→ Task brief: When the line containing "2025 Women’s One" appears in the entries below, begin printing there and stop after the line containing "La Mesa Rectangular"; print each of those lines exactly and no other line.

→ Source material:
━━━━━━━━━━━━━━━━━━━━━━━━━━━━━━

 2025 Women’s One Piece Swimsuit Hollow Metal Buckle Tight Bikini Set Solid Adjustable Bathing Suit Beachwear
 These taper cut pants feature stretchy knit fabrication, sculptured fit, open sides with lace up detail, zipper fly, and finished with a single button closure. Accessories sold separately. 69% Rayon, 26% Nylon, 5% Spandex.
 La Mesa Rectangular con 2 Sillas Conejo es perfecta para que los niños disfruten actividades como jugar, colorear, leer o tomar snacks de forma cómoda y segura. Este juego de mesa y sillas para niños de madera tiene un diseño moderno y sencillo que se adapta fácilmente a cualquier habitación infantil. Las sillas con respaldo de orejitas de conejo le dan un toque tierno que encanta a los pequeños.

━━━━━━━━━━━━━━━━━━━━━━━━━━━━━━

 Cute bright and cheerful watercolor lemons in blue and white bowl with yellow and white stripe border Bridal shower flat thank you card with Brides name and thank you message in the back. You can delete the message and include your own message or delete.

━━━━━━━━━━━━━━━━━━━━━━━━━━━━━━

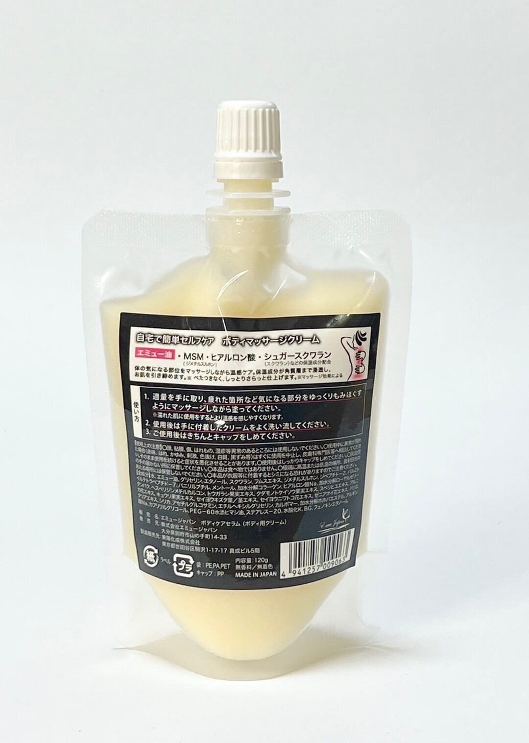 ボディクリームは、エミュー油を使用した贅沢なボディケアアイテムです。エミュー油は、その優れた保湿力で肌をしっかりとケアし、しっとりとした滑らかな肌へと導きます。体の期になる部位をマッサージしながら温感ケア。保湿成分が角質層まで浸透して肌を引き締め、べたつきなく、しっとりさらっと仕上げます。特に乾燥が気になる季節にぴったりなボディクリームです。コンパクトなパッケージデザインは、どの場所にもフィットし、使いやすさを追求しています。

━━━━━━━━━━━━━━━━━━━━━━━━━━━━━━

→ Output for this task:
 2025 Women’s One Piece Swimsuit Hollow Metal Buckle Tight Bikini Set Solid Adjustable Bathing Suit Beachwear
 These taper cut pants feature stretchy knit fabrication, sculptured fit, open sides with lace up detail, zipper fly, and finished with a single button closure. Accessories sold separately. 69% Rayon, 26% Nylon, 5% Spandex.
 La Mesa Rectangular con 2 Sillas Conejo es perfecta para que los niños disfruten actividades como jugar, colorear, leer o tomar snacks de forma cómoda y segura. Este juego de mesa y sillas para niños de madera tiene un diseño moderno y sencillo que se adapta fácilmente a cualquier habitación infantil. Las sillas con respaldo de orejitas de conejo le dan un toque tierno que encanta a los pequeños.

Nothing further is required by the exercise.